DataSets and Training¶
Working with machine learning can be broadly divided into 3 phases: training, testing, and application. On this page we discuss training with pybdt.
DataSet objects¶
pybdt uses pybdt.ml.DataSet
objects to access your data.
Generating a DataSet object is very straightforward. The data should
be placed into numpy arrays with one
element per event. Then, you use a python dict to construct the
DataSet. For example,:
# first, load variables a, b, and c, and event weights, from
# wherever they are stored
from pybdt import ml
sim_data = ml.DataSet (dict (a=a, b=b, c=c, weight=weight))
Data columns can be accessed using the __getitem__
operator,
i.e.:
a = sim_data['a']
weight = sim_data['weight']
It can be convenient to save a livetime for a DataSet, which may be
passed in as a single float
like so:
...
livetime = 3.15e7
data = ml.DataSet (dict (a=a, b=b, c=c, livetime=livetime))

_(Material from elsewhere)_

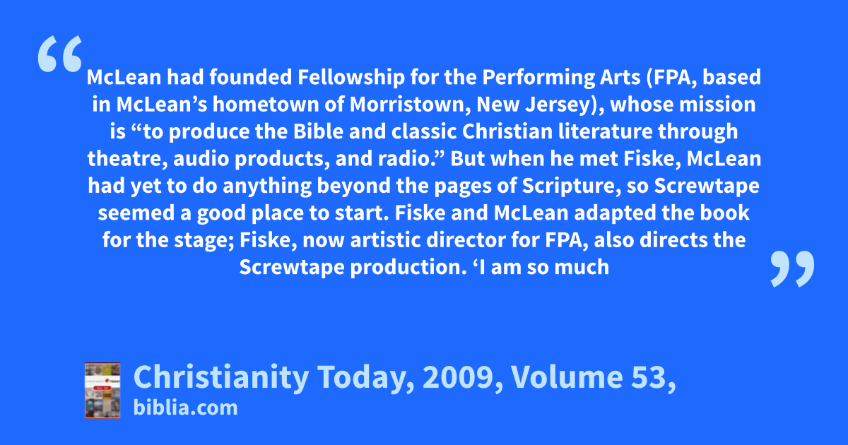 McLean had founded Fellowship for the Performing Arts (FPA, based in McLean’s hometown of Morristown, New Jersey), whose mission is “to produce the Bible and classic Christian literature through theatre, audio products, and radio.” But when he met Fiske, McLean had yet to do anything beyond the pages of Scripture, so Screwtape seemed a good place to start. Fiske and McLean adapted the book for the stage; Fiske, now artistic director for FPA, also directs the Screwtape production. ‘I am so much

The livetime may be read or changed using the
pybdt.ml.DataSet.livetime
property.
Training¶
The simplest way to train is to use the included
pybdt/resources/scripts/train.py
script. Let’s have a look at the
help output.
Usage: train.py {options} [comma-sep'd variables] \
[training signal] [training background] [bdt filename]
Options:
-h, --help show this help message and exit
Decision Tree options:
-d N, --depth=N make trees N levels deep
-L, --nonlinear-cuts
use nonlinear cut spacing
-c N, --num-cuts=N try N cuts per var per node
-s N, --min-split=N
do not split if a node contains fewer than N events
-p STRENGTH, --prune-strength=STRENGTH
use STRENGTH prune strength
-v N, --num-random-variables=N
use N randomly selected variables at each node (0 to
use every var at every node)
Forest options:
-t N, --num-trees=N
use N trees
-b BETA, --beta=BETA
use BETA boost parameter
-e FRAC, --frac-random-events=FRAC
use FRAC randomly selected fraction of events in each
tree (1, the default, to use every event in every
tree)
Data options:
--sig-weight=COLNAME
the name of the variable in which the signal weights
are stored
--bg-weight=COLNAME
the name of the variable in which the bg weights are
stored
An example of the usage of this script can be found in pybdt/resources/examples/train_sample_bdt.sh. For a real-world example, see the the ml_train() function from the IC79 northern \(\nu_\mu\) analysis.